Spatial variability in land use changes creates a need for a wide range of applications, including landslide, erosion, land planning, global warming etc. This study presents the analysis of satellite image based on Normalized Difference Vegetation Index (NDVI) in Godavari eastern delta. Four spectral indices were investigated in this study. These indices were NIR (red and near infrared) based NDVI, green and NIR based GVI (Green Vegetation Index), red and NIR based soil adjusted vegetation index (SAVI), and red and NIR based perpendicular vegetation index (PVI). These four indices were investigated for 2011-12 kharif, rabi and 2016-17 kharif, rabi of Godavari eastern delta. Different threshold values of NDVI are used for generating the false colour composite of the classified objects.
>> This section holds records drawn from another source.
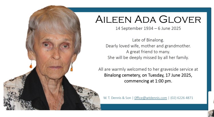 All are warmly welcomed to her graveside service at Binalong cemetery, on Tuesday, 17 June 2025, commencing at 1:00 pm.
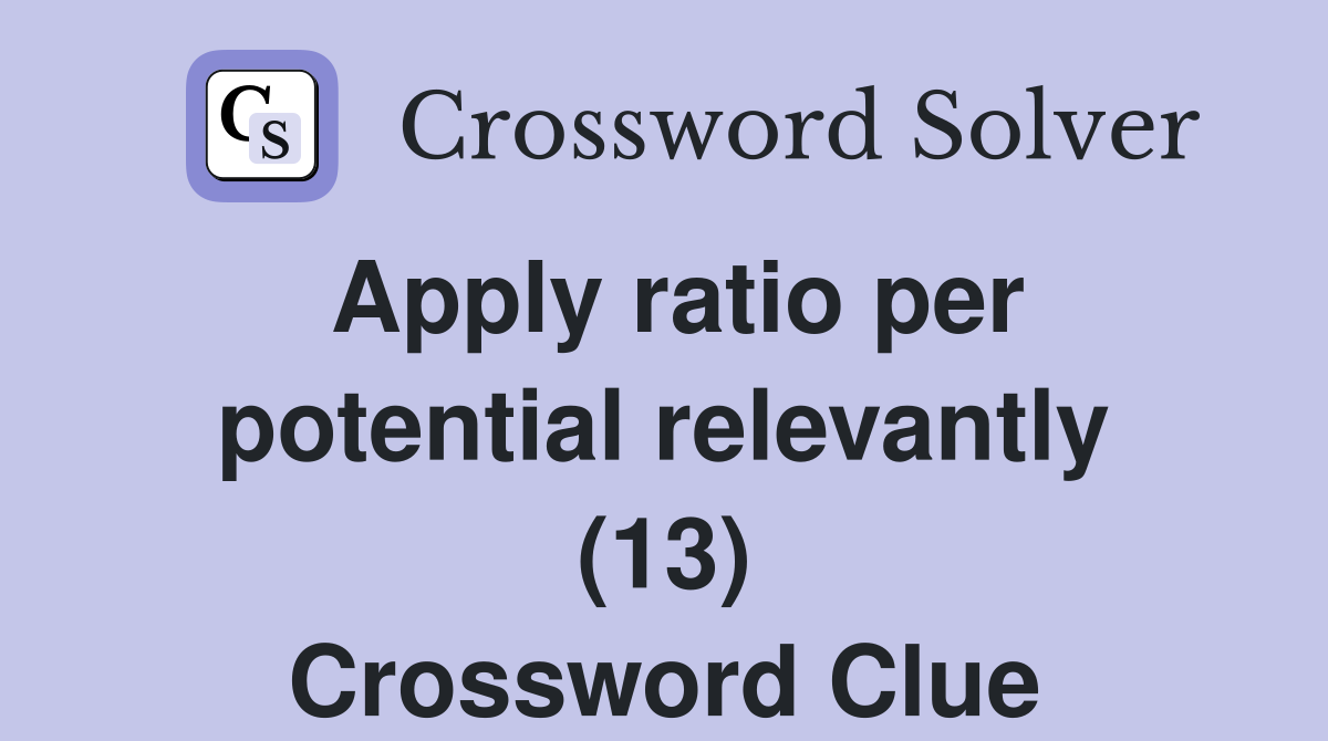 Apply ratio per potential relevantly (13) Crossword Clue Answers
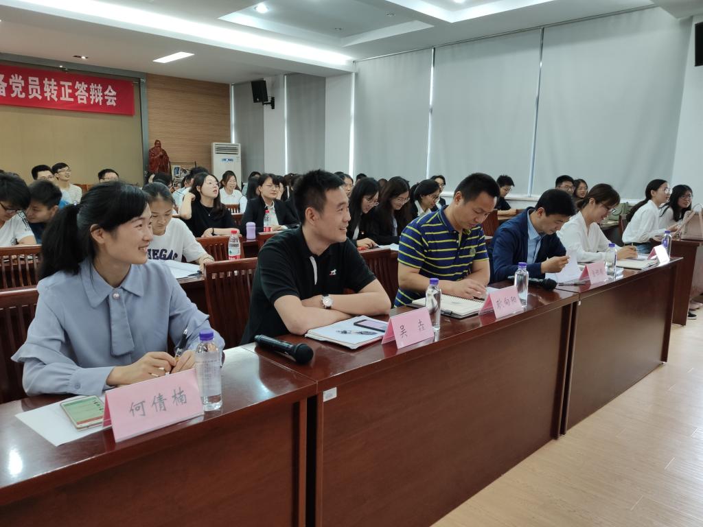2019年上半年,学院共有41名同志预备期满,其中毕业班党员24名,学院特别安排了毕业生专场转正答辩会。答辩会包括学生汇报展示和提问两个环节。24名预备党员从自己在预备期中的思想、工作、学习以及不足之处等方面作了汇报。在思想上,预备党员始终以马克思主义武装自己,积极学习习近平总书记系列重要讲话,认真研读党章党史,不断提升自己的思想觉悟。在工作学习中,预备党员同志们孜孜不倦,用知识武装自己,为肩负中华民族伟大复兴夯实基础。对答辩老师的提出的涉及十九大精神、习近平总书记对青年人的希望等时政热点问题,他们都对答如流。答辩老师也根据学生学业成绩、宿舍卫生情况,综合素质等方面进行考量,从党性觉悟、理论学习以及先锋模范作用的发挥等方面进行了点评和鼓励。
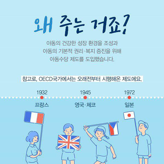 아동수당은 출산수당이 아니에요. 아동의 복지 증진을 위해 주는 거니까 꼭 받으셔야죠. ^^

For this purpose, supervised classification is applied to Landsat images acquired in 2011-12 and 2016-17. Image classification of six reflective bands of two Landsat images is carried out by using maximum likelihood method with the aid of ground truth data obtained from satellite images of 2011-12 and 2016-17. There was 11% and 30% increase in vegetation during kharif and rabi seasons from 2011-12 to 2016-17. The vegetation analysis can be used to provide humanitarian aid, damage assessment in case of unfortunate natural disasters and furthermore to device new protection strategies.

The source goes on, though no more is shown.